- Official name: Consuales Ludi
- Observed by: Roman Republic, Roman Empire
- Type: Ancient Roman
- Celebrations: Chariot racing
- Observances: Horses, Mules and Asses were adorned with garlands
- Date: 21 August, 15 December

= Consualia =

Ancient Roman festivals in honor of Consus

The Consualia or Consuales Ludi was the name of two ancient Roman festivals in honor of Consus, a tutelary deity of the harvest and stored grain. Consuales Ludi harvest festivals were held on August 21, and again on December 15, in connection with grain storage. The shrine of Consus was underground, it was covered with earth all year and was only uncovered for this one day. Mars, the god of war, as a protector of the harvest, was also honored on this day, as were the Lares, the household gods that individual families held sacred.

During the celebration horses, mules, and asses were exempted from all labour, and were led through the streets adorned with garlands and flowers. Chariot races were held this day in the Circus Maximus, which included an odd race in which chariots were pulled by mules.
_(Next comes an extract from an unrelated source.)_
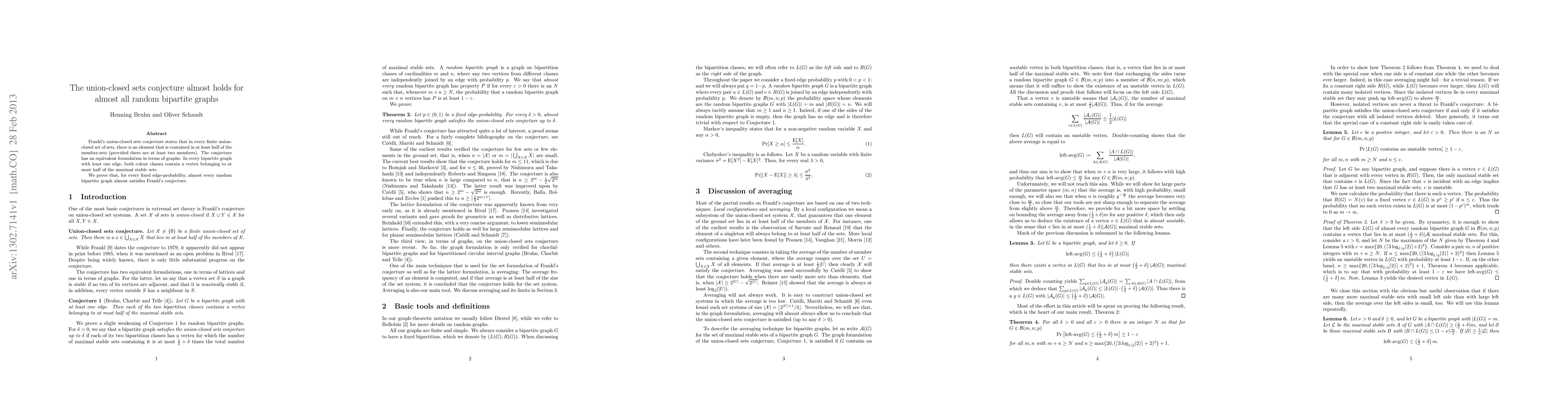 Frankl's union-closed sets conjecture states that in every finite union-closed set of sets, there is an element that is contained in at least half of the member-sets (provided there are at least two members). The conjecture has an equivalent formulation in terms of graphs: In every bipartite graph with least one edge, both colour classes contain a vertex belonging to at most half of the maximal stable sets. We prove that, for every fixed edge-probability, almost every random bipartite graph almost satisfies Frankl's conjecture.

In Roman mythology, the Consualia was founded by Romulus as an occasion to gather his Sabine neighbors. When the community was assembled and in a state of drunken festivity, Romulus's men abducted the daughters of the Sabines to become their brides (see "The Rape of the Sabine Women").

There were also sacrifices to Consus on 7 July. Consus' feasts were followed by those of the related goddess Ops: the Opiconsivia on 25 August and the Opalia on 19 December.

According to Livy, the festival honors Neptune.